A-shares in Warren Buffett-backed carmaker BYD Auto rose as much as 46 per cent on their trading debut in Shenzhen yesterday, despite the company announcing bleak first-quarter results the previous day.
BYD's A-shares finished up 41.4 per cent on its 18 yuan (HK$21.60) per share offer price, closing at 25.45 yuan apiece at the end of their first day of trading on Shenzhen's small and medium enterprises board.
The gains far exceeded movements in the Shenzhen-based auto and battery maker's Hong Kong traded H-shares since the A-share deal was priced.
BYD priced its sale of 79 million A-shares at 18 yuan apiece on June 19. Since then, the company's H-shares have risen only 17.5 per cent, adding 5.7 per cent yesterday to close at HK$25.15 per share.
Mainland stocks are permitted to trade freely only during their debut session, after which they are only allowed to rise or fall by 10 per cent per day.
BYD's Shenzhen offering raised 1.42 billion yuan, about 35 per cent less than the maximum 2.19 billion yuan it initially sought.
The cash injection comes as BYD struggled with slumping car sales and a heavier reliance on borrowings to bolster its cash flows. This has in turn burdened the carmaker with higher interest payments.
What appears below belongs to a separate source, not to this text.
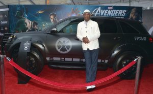 Actor Samuel L. Jackson with militarized Acura MDX at Marvel’s T
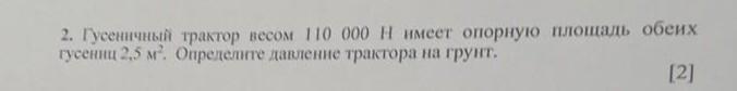 2 Гусеничный трактор весом 110 000 Н имеет опорную плошадь обеих гусениц 2.5 м. Определите давление трактора на грунт. [2]

BYD's car sales declined for the tenth month in a row in May as sales of its compact F3 car - the mainland's best-selling passenger car in 2009 - continued to lose ground to newer models sold by competitors.
BYD's sales in the first five months declined 21 per cent from a year ago to 199,904, according to data from consultancy J.D. Power and Associates.
After its A-share sale had closed but before trading began, the carmaker on Wednesday said net profit in the first three months of the year fell to 266.74 million yuan - a 84.35 per cent drop from 1.7 billion yuan a year earlier.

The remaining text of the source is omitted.